The one change that didn’t work: I pounded through exercise classes – until my doctor prescribed rest

I was grief-stricken and exhausted when I began high-intensity interval training. Then came a short, sharp scream in my knees and intense thumping in my chest

Picturing myself during the last three years is a lot like looking at a childhood photo. I know that it’s me, but the gulf between selves is wide. Personally, I was grief-stricken. My mother died in the summer of 2020, alone in a London hospice, while the prime minister and his top officials partied in Westminster. Grief changes a person irreparably; when someone you love dies, they take a version of you with them. And then? A more broken and watchful self is born.

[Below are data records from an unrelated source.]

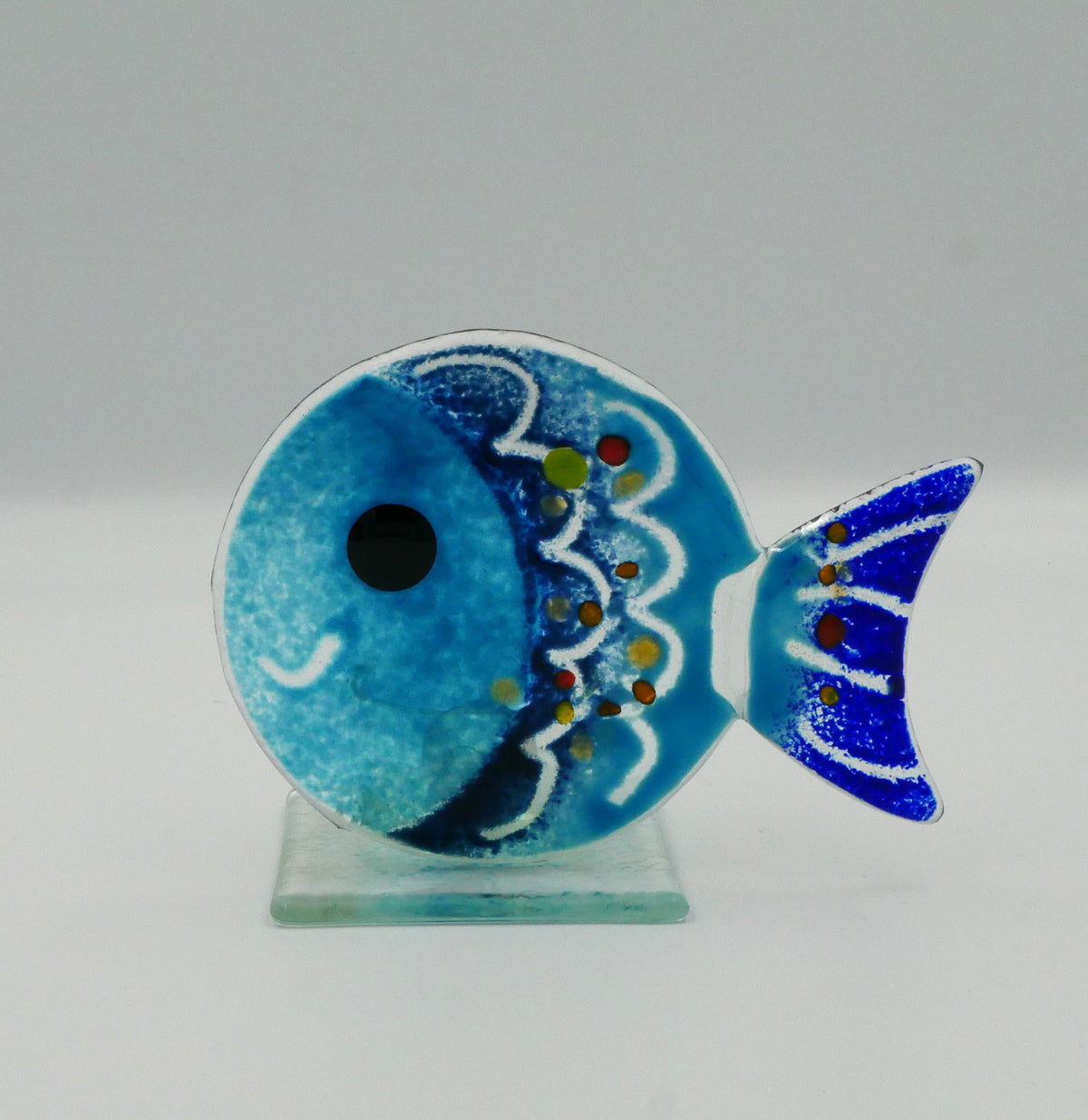 Dieser handgefertigte Fisch bezaubert mit seinem freundlichen Lächeln und lebedigem blau.
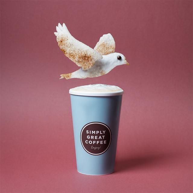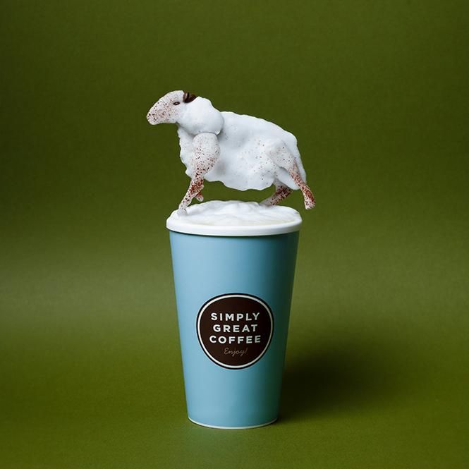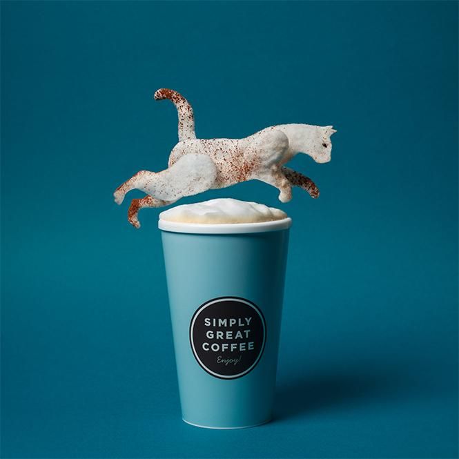 Кусочки были созданы из кофейной пены, помещенной на вырезанные трафареты. Если внимательно присмотреться, то можно увидеть, что каждая часть животного выполнена отдельно, создавая объемное изображение. Творения украшены кофейными зернами и ароматной корицей.
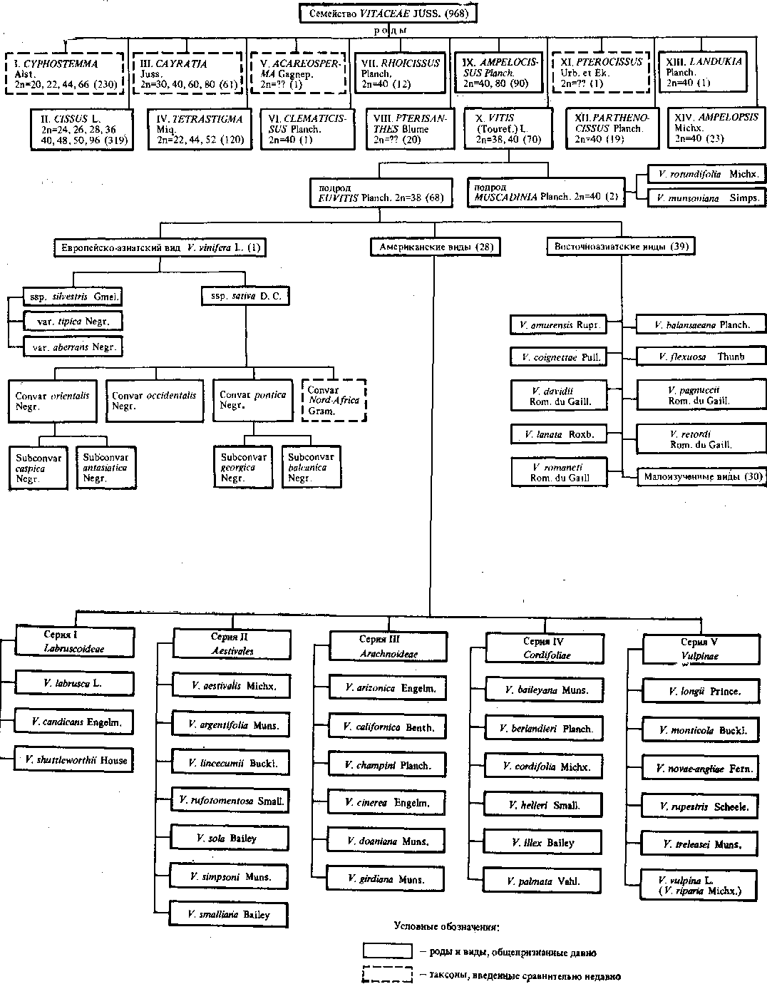1 Классификация семействаVitaceae Juss. — ВИНОГРАДОВЫЕСогласно современной систематике растений виноград принадлежит к сравнительно небольшому семейству Vitaceae Juss. — Виноградовые, объединяющему 14 родов и 968 видов (Топалэ, 1983). Семейство Виноградовые относится к типу покрытосеменных растений Magnoliophyta (Angiospermae), классу Двудольные Magnoliatae (Dicotyledones), порядку Rhamnales Lindley (Тахтаджян, 1966). В порядок Rhamnales входят также семейства Rhamnaceae и Leeaceae, с которыми Виноградовые имеют родственные связи. По предположению ученых палеонтологов (Криштофович, 1938; Палибин, 1946), первые представители семейства Vitaceae появились на границе юры и мела, однако наиболее активно формообразовательный процесс проходил в третичном периоде и уже к концу плиоцена и в постплиоцене развилось большое разнообразие форм этого семейства. В своем историческом развитии растения семейства Vitaceae первоначально распространились в тропической и субтропической зонах Африки и Азии, где и в настоящее время сохранилось большое разнообразие видов винограда. Из первичного центра видообразования еще до разделения материков происходила миграция видов в тропические и субтропические зоны Америки, Австралии и Европы. Ранее в семейство Vitaceae Juss. входило подсемейство Leeoideae Clarke, однако по предложению систематиков (Suessenguth, 1953; Тахтаджян, 1966) это подсемейство было исключено и выделено в самостоятельное семейство — Leeaceae Dumortier. В настоящее время представители семейства Vitaceae в диком виде произрастают во влажных местах по долинам и склонам гор в районах тропического, субтропического и умеренно теплого климата между 52° с. ш. и 43° ю. ш. Это многолетние с мощным стволом лазящие древесные лианы, реже прямостоячие кустарники и низкие деревья с мясистыми удлиненными мочковатыми, реже утолщенными корнями, с опадающей, как у представителей родов Vitis, Ampelopsis либо Partenocissus, или неопадающей, как у представителей родов Cissus, Tetrastigma и других, листвой. Однолетние побеги с длинными междоузлиями, несколько утолщенными на узлах, на которых в супротивно-чередующемся порядке располагаются листья. Последние большей частью простые, реже сложные, разнообразной формы, цельные, рассеченно-лопастные, пальчато-рассеченные или перистые, с двумя опадающими прилистниками. У некоторых видов явно выражена разнолистность (гетерофилия) на одном растении и побеге. У большинства видов семейства Vitaceae побеги развиваются ежегодно из почек, закладывающихся в пазухах листьев, а у некоторых — из почек подземного утолщенного стебля. Для представителей семейства Vitaceae характерно 4 типа ветвления побегов, что отражает степень эволюции этого семейства: моноподиальное со спиральным расположением листьев; моноподиальное с очередным двухрядным расположением листьев; симподиальное без усиков с образованием бокового соцветия; симподиальное с усиками. У видов рода Cissus встречаются все 4 типа ветвления, Атреlopsis, Rhoicissus и Ampelocissus — только третий и четвертый, у остальных родов — только четвертый тип ветвления. Растения прикрепляются к опоре, обвивая ее, или присасываются к ней с помощью присосков, находящихся у некоторых видов на концах усиков. Соцветия многоцветковые, имеющие вид ложного зонтика или удлиненной метелки, реже кисти. Цветки мелкие, невзрачные, зеленоватые, обоеполые, мужские, женские, функционально-женские, полигамно однодомные или двудомн
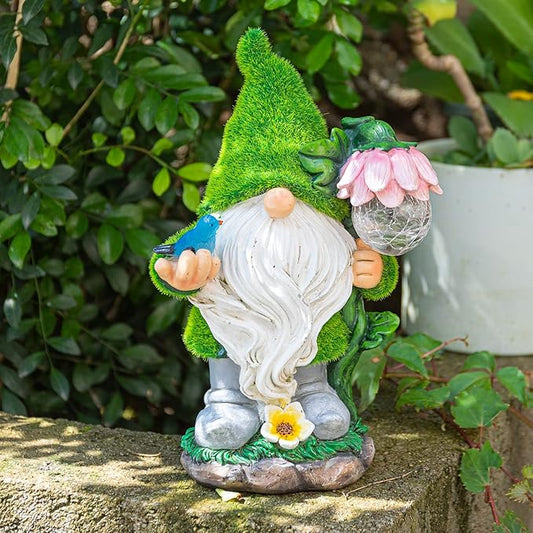 Garden Gnome Statue - Funny Gnome Decoration Hold Flower with Solar Crackle Glass Globe Lights, Resin Gnome Figurine Ornament for Patio Yard Lawn Porch Outdoor Decor
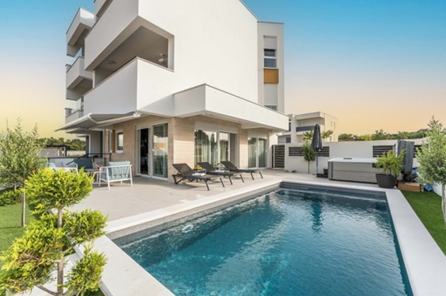 Treten Sie hinaus und entdecken Sie Ihre private Oase mit einem erfrischenden Pool und einem Jacuzzi, perfekt zum Entspannen und Genießen der Ruhe der Umgebung. Das Apartment Sun befindet sich in einer ruhigen Lage, ist jedoch bequem in der Nähe sowohl des lokalen Strandes als auch des Stadtzentrums, was Ihnen das Beste aus beiden Welten für Ihre Erholung und Erkundung bietet.
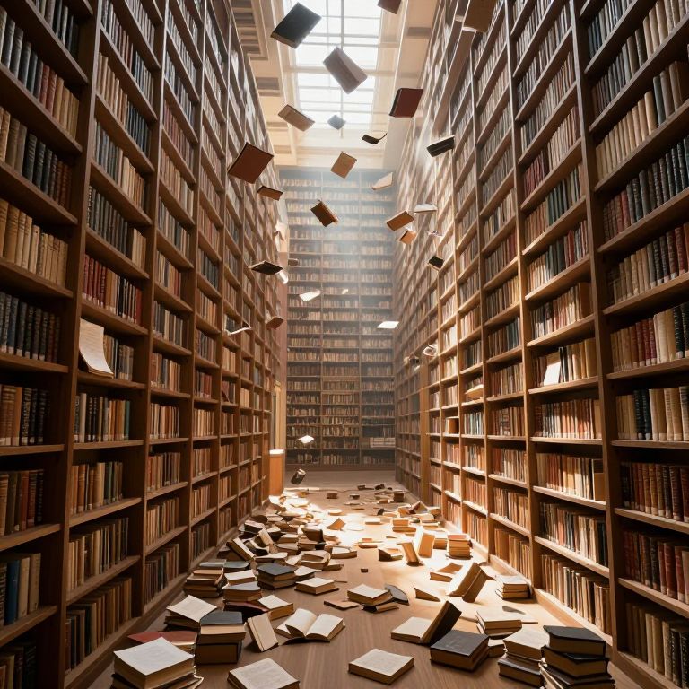 A labyrinthine library bathed in ethereal light, where gravity defies expectation as books float mid-air and spill onto the ground, creating a surreal pathway into an endless realm of knowledge and mystery.
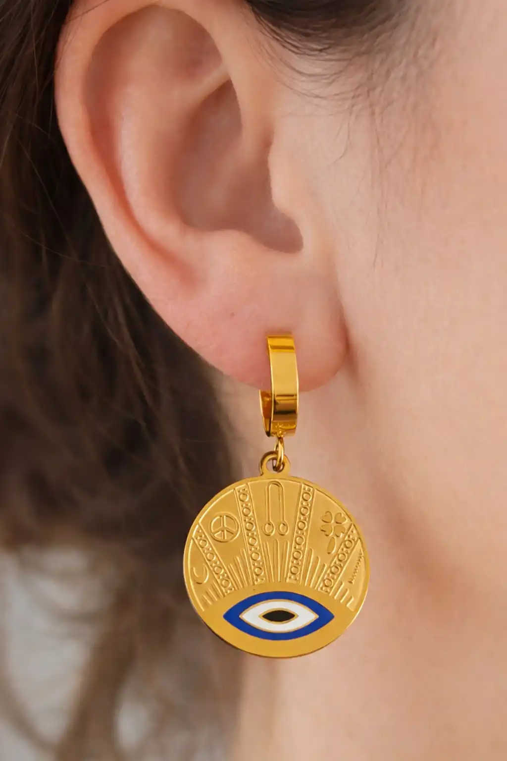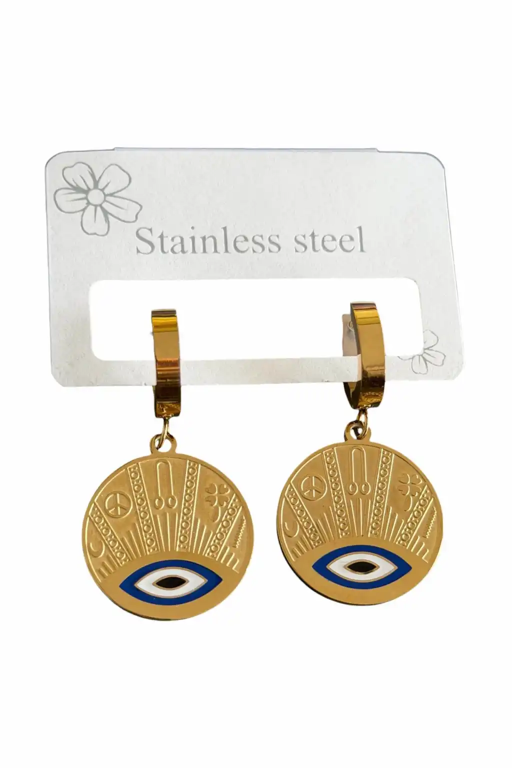 Altın Renk El Figürlü Çelik Küpe (Çift)
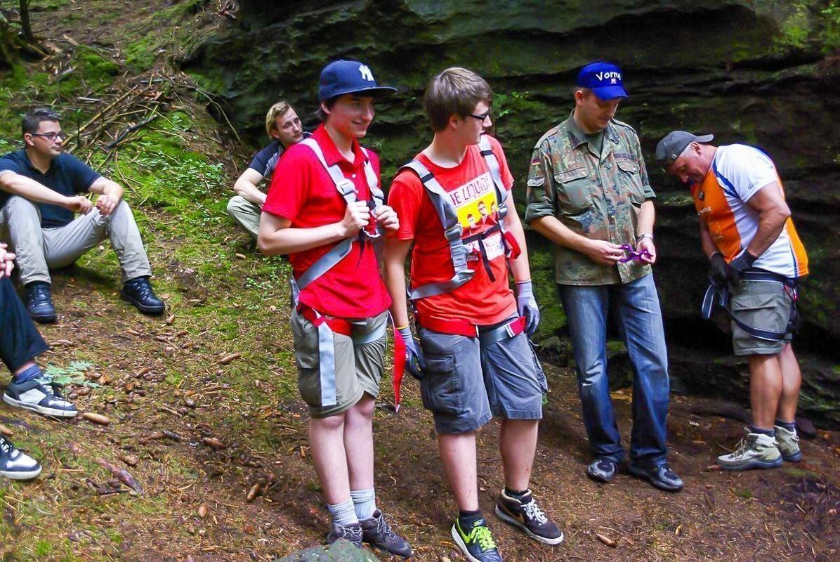 Zwei Jugendliche mit Klettergurten stehen in einem Wald, während andere Personen im Hintergrund sitzen
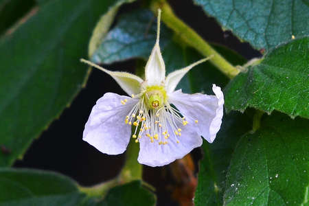 A close up of a beautiful lavender bulbous begonia flowers with raindrops on background, stock photo
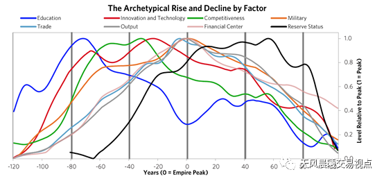 下图来自第1章,大国的实力曲线是通过八项实力指标——教育、创新和技术、竞争力、军事、贸易、产出、金融中心和储备地位——来合成的。下图显示了这些实力指标平均水平的曲线,其中最近的三个储备国家(美国、英国和荷兰)贡献了的大部分权重。
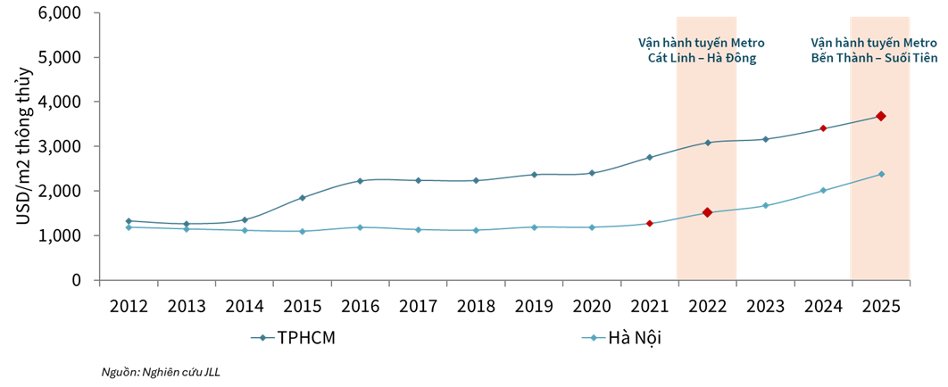 Đáng chú ý, giá bán các dự án liền kề metro tăng trung bình từ 200–250 USD/m² chỉ trong một năm sau khi tuyến metro đi vào hoạt động. Mức tăng này tương đương tốc độ tăng trưởng khoảng 8% mỗi năm, cao gấp đôi so với mặt bằng chung của thị trường TP.HCM.
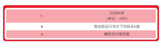已知一個(gè)轉(zhuǎn)頭k值和沉淀所需要的時(shí)間,如果用另一個(gè)轉(zhuǎn)頭來(lái)沉淀同樣的顆粒,可以用以下公式來(lái)計(jì)算需要沉淀的時(shí)間:
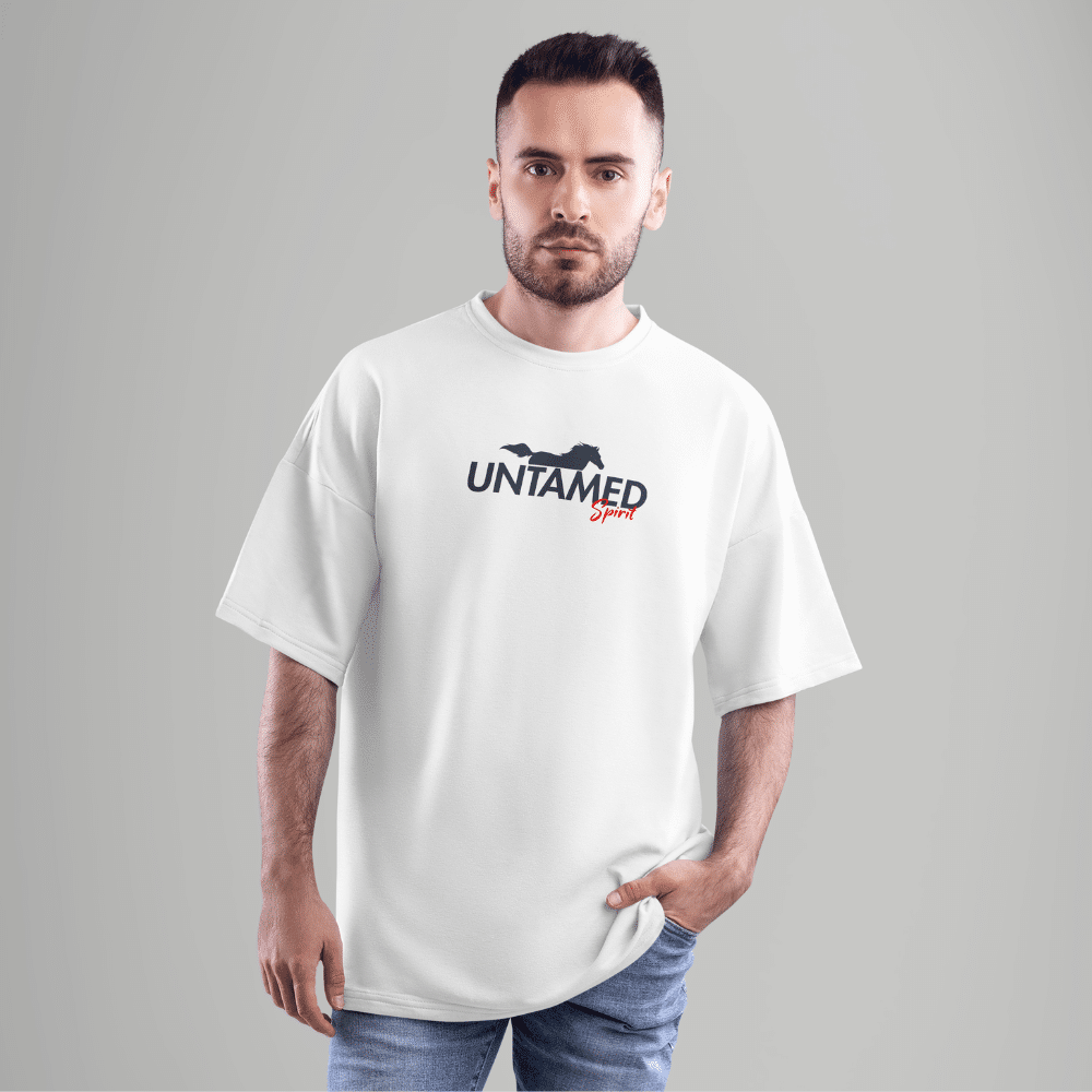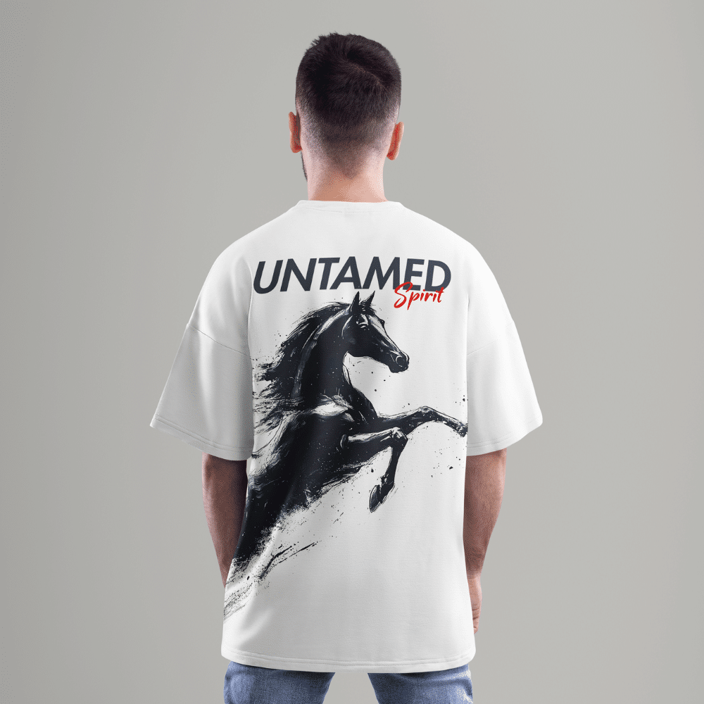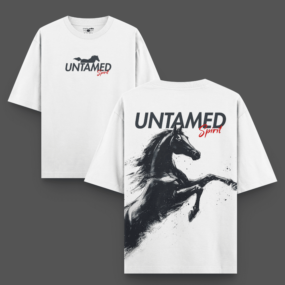 The design features a bold front chest print with the words “Untamed Spirit” alongside a running horse silhouette, while the back showcases a powerful rearing horse graphic — a symbol of freedom, strength, and individuality. Its oversized relaxed fit makes it the perfect pick for both casual styling and elevated streetwear looks.

In the weeks and months after my mother’s death, this new version of me developed some strange new habits. I started waking every night at 3am – the hour when my mother died – and could only get back to sleep by listening to Martin Jarvis reading Dickens. I started making my own body cream out of essential oils, raw cocoa butter and 100% unrefined pure natural anxiety – the kind of knit-your-own-earrings-and-sell-them-on-Etsy behaviour at which I would have previously scoffed. I impulse-bought a year’s supply of antihistamines online (adorably, my equally grief-stricken sister did the exact same thing 400 miles away in London). And, most uncharacteristically of all, I started doing high-intensity interval training (HIIT) at home in Leith on the living room rug, surrounded by (and often underneath) my six-year-old, my two-year-old and my eight-year-old rescue staffie. While – and this is where it gets ultra-pandemicky – monitoring my heart rate using a pulse oximeter. I know. What larks.